File Format¶
Complete specification of the .sst file format.
File Layout¶
┌─────────────────────────────────────┐ Offset 0
│ Data Blocks │
│ ┌──────────────────────────┐ │
│ │ Block 0 (4KB compressed) │ │
│ ├──────────────────────────┤ │
│ │ Block 1 (4KB compressed) │ │
│ ├──────────────────────────┤ │
│ │ ... │ │
│ ├──────────────────────────┤ │
│ │ Block N (4KB compressed) │ │
│ └──────────────────────────┘ │
├─────────────────────────────────────┤ blocks_end_offset
│ Block Index │
│ (first_key, offset, size) × N+1 │
├─────────────────────────────────────┤ index_end_offset
│ Bloom Filter │
│ (bit array + metadata) │
├─────────────────────────────────────┤ bloom_end_offset
│ Footer (64 bytes) │
│ - Magic: 0xABCD1234 │
│ - Version: 1 │
│ - Index offset/size │
│ - Bloom offset/size │
│ - Compression type │
│ - Entry count │
│ - CRC32C checksum │
└─────────────────────────────────────┘ file_end
Footer Format (64 bytes)¶
Offset Size Field Description
------ ---- ----- -----------
0 4 magic 0xABCD1234 (file type identifier)

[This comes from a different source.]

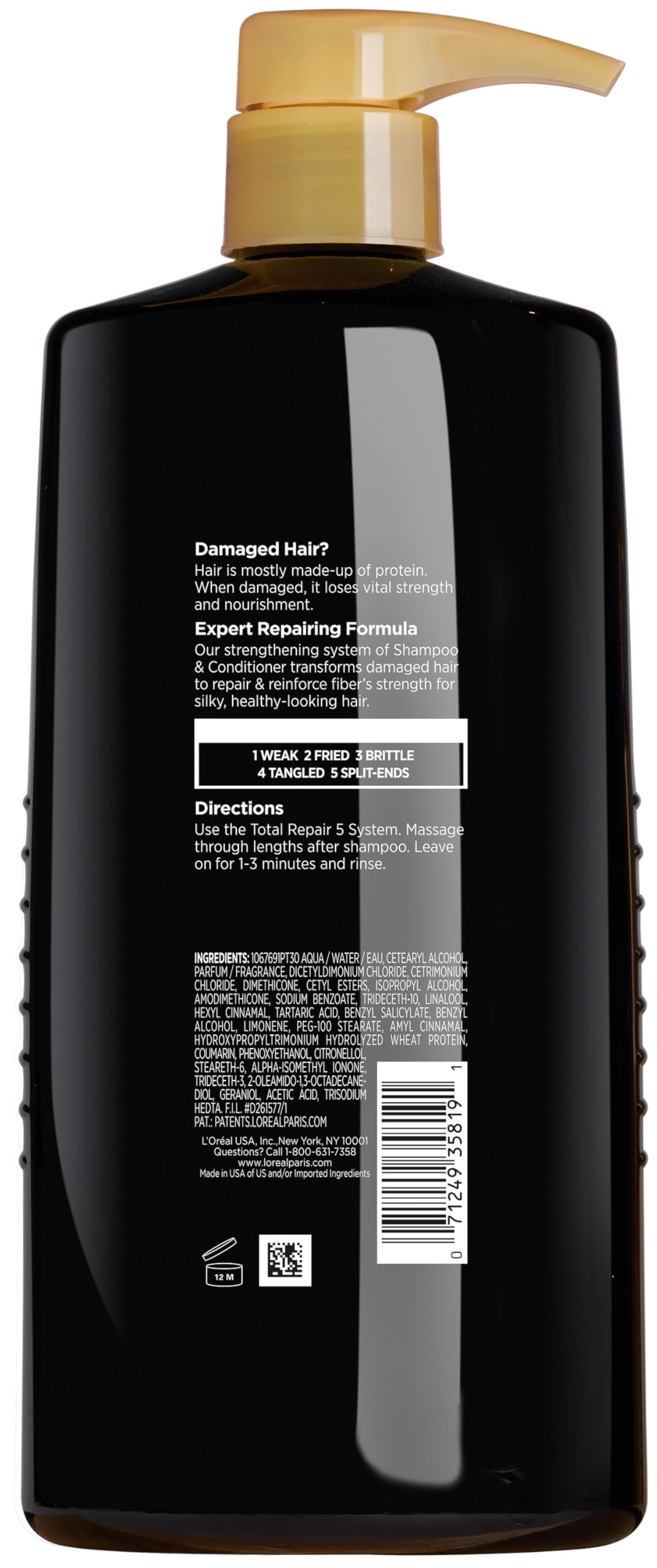 Details: L’Oreal Paris Total Repair 5 conditioner helps repair the five visible signs of damaged hair. The results? 1) Rebuilt fibers 2) Strength 3) Vitality 4) Silkiness and 5) Shine. Our strengthening system conditions with Protein + Ceramide and helps fortify each strand, reinforcing hair fiber and sealing-in nourishment. For best results, use L’Oreal Paris Total Repair 5 shampoo and conditioner together.

4 2 version Format version (currently 1)
6 2 compression 0=None, 1=LZ4, 2=Zstd
8 8 index_offset Byte offset to index start
16 8 index_size Size of index in bytes
24 8 bloom_offset Byte offset to bloom filter
32 8 bloom_size Size of bloom filter
40 8 entry_count Total number of entries
48 8 first_key_len Length of first key
56 4 crc32c CRC32C of bytes 0-55
60 4 padding Reserved for future use
Reading footer:
let mut file = File::open(path).await?;
file.seek(SeekFrom::End(-64)).await?;
let footer_bytes = read_exact(&mut file, 64).await?;
let footer = Footer::decode(footer_bytes)?;
Block Index Format¶
Entry format (variable length):
┌──────────────┬──────────────┬──────────────┬──────────────┐
│ key_len (u32)│ key (bytes) │ offset (u64) │ size (u32) │
└──────────────┴──────────────┴──────────────┴──────────────┘
Full index:
[Entry 0][Entry 1]...[Entry N][num_entries: u32]
Example:
Block 0: key="aaa", offset=0, size=1420
Block 1: key="bbb", offset=1420, size=1510
Block 2: key="ccc", offset=2930, size=1380
Bloom Filter Format¶
┌──────────────────────────────────┐
│ num_bits (u64) │ 8 bytes
├──────────────────────────────────┤
│ num_hashes (u32) │ 4 bytes
├──────────────────────────────────┤
│ bits_per_key (u32) │ 4 bytes
├──────────────────────────────────┤
│ bit_array (variable length) │ (num_bits + 7) / 8 bytes
└──────────────────────────────────┘
Size calculation:
Block Format¶
┌──────────────────────────────────┐
│ Entries (prefix-compressed) │
│ [Entry 0] │
│ [Entry 1] │
│ ... │
│ [Entry K] │
├──────────────────────────────────┤
│ Restart Points Array │
│ [offset_0: u32] │
│ [offset_16: u32] │
│ ... │
│ [offset_N: u32] │
├──────────────────────────────────┤
│ num_restarts (u32) │
└──────────────────────────────────┘
Compression wrapper:
Summary¶
File structure: 1. Data blocks (compressed 4KB blocks) 2. Block index (sparse, one entry per block) 3. Bloom filter (bit array for membership) 4. Footer (64-byte metadata with offsets)
Reading algorithm: 1. Read footer (last 64 bytes) 2. Validate CRC32C 3. Load bloom filter (at bloom_offset) 4. Load index (at index_offset) 5. Ready for queries!